Packaging machinery imports into Mexico totaled $751 million in 2017 growing for the fourth consecutive year and by nearly eight percent from 2016,according to a Mexican Packaging Machinery Market presentation from Louis Domenech, Managing Director, Market Intelligence Latin America S.C. (MILA). Nearly 100 members of PMMI, The Association for Packaging and Processing Technologies, registered for the event which highlighted PMMI’s upcoming 2018 Packaging and Processing in Mexico report. The seminar kicked off day two of EXPO PACK México (Expo Santa Fe Mexico, Mexico City, June 5-8).

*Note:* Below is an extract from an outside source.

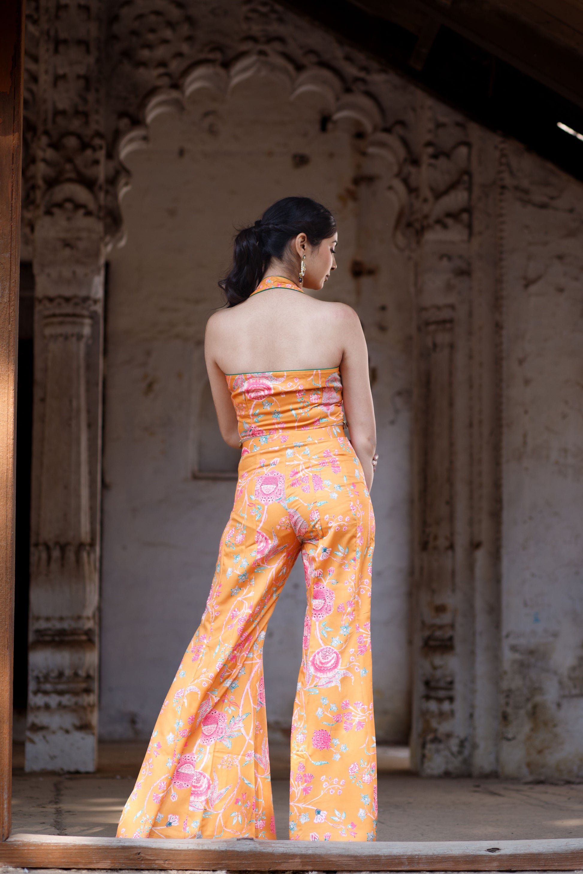 Chintz Floral Printed Halter Neck Corset with Sharara

With a cautious eye towards the potential volatility surrounding Mexico’s upcoming July elections, Domenech believes the growth will continue, offering a ripe opportunity for the packaging and processing industry. The beverage industry continues to set the pace with investments in new breweries making beer the largest subsector. Heineken, AB InBev and Constellations Brands alone project 15 million hectoliters in new capacity in 2018.
“Few companies are stopping or postponing investments due to the elections,” said Domenech. “Most are continuing with packaging machinery investments and have [2018] budgets similar to 2017.”
Retailers, for example, continue to invest in new stores, which is a positive sign that vendors do not fear a change in the current market. Mexico’s demographics, employment growth, increasing middle class and the consumption habits of millennials also point to continued growth in important packaging machinery demand sectors.